Ce n’est pas du côté de la Clef-d’Or que le vieux John alla faire son petit tour de promenade : car entre la Clef-d’Or et le Lion-Noir il y a tout un voyage de rues à la file, comme le savent bien ceux qui connaissent les distances respectives de Clerkenwell et de White-Chapel, et M. Willis était connu pour n’être pas un fameux piéton. Mais la Clef-d’Or se trouve sur notre chemin, si elle n’était pas sur le sien ; ce chapitre va donc nous suivre, s’il vous plaît, à la Clef-d’Or.

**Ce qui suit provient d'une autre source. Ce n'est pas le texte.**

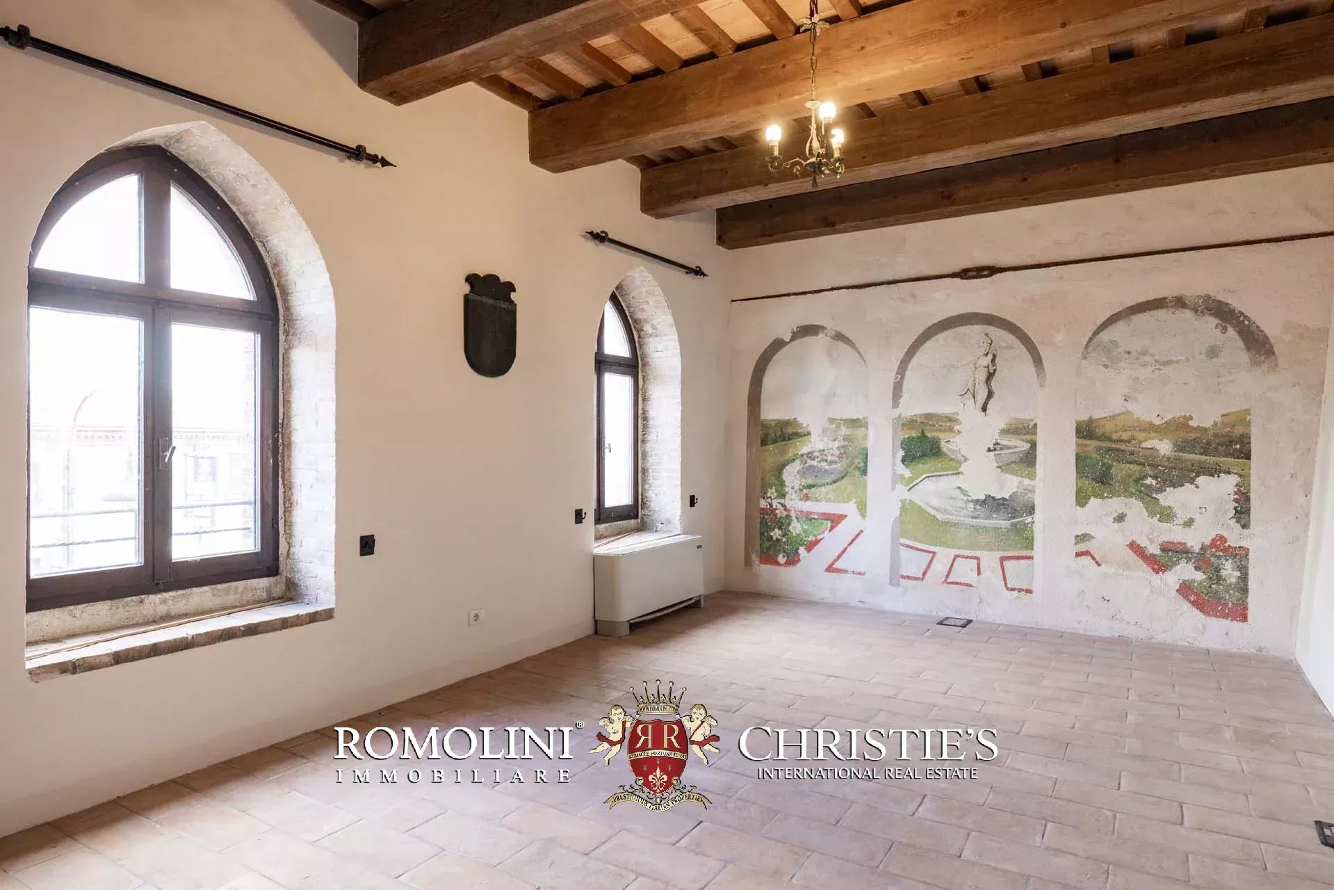 Il terzo e il quarto piano comprendono due raffinati appartamenti caratterizzati da soffitti con travi originali e ambienti impreziositi da affreschi storici, probabilmente antiche residenze private delle famiglie nobili che si sono succedute nella proprietà. Entrambi i livelli dispongono di splendide terrazze panoramiche, una con vista verso il mare e una affacciata sulla corte interna del castello.

La Clef-d’Or en personne, cet emblème naturel de l’état de serrurier, avait été jetée à bas par les émeutiers, et foulée injurieusement sous leurs pieds. Mais, en ce moment, on l’avait remontée à sa place, dans toute la gloire d’une nouvelle couche de peinture, et jamais elle n’avait eu si bonne mine.

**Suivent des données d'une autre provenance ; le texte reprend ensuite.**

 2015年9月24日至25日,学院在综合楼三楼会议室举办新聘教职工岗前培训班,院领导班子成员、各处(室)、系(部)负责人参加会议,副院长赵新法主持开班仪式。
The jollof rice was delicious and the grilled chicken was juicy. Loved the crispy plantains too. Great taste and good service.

Elle n’était pas la seule. Toute la façade de la maison était élégante et coquette : on l’avait si bien rafraîchie du haut en bas, que, s’il restait encore quelques-uns des perturbateurs qui étaient venus l’attaquer, la vue de ce bon vieux logis, rajeuni et prospère, devait être pour eux un ver rongeur, un vrai crève-cœur.

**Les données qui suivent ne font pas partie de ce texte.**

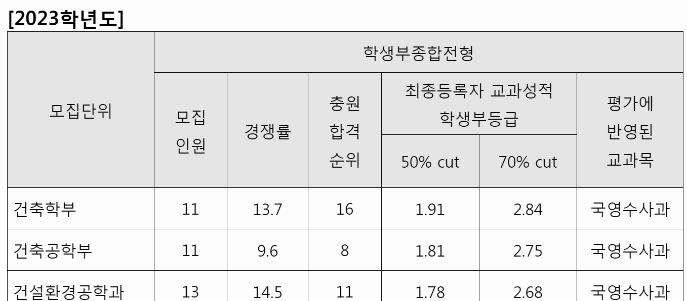 2023 수시 등급컷

Cependant les volets de la boutique étaient clos ; les jalousies du premier étage étaient toutes abaissées, et, au lieu de la gaieté qui régnait d’ordinaire dans la maison, on lui voyait un extérieur triste et comme un air de deuil, que les voisins, accoutumés à voir autrefois entrer et sortir le pauvre Barnabé, n’avaient pas de peine à comprendre. La porte était entre-bâillée, mais on n’entendait pas le marteau sur l’enclume ; le chat était ronflant accroupi sur les cendres de la forge : tout était désert, sombre et silencieux.

M. Haredale et Édouard Chester se rencontrèrent sur le seuil de la porte. Le jeune homme céda le pas à l’autre, et, après être entrés tous les deux d’un air de familiarité qui semblait indiquer qu’ils attendaient là quelque chose, et qu’on était accoutumé à les laisser entrer et sortir sans les questionner, ils fermèrent la porte derrière eux.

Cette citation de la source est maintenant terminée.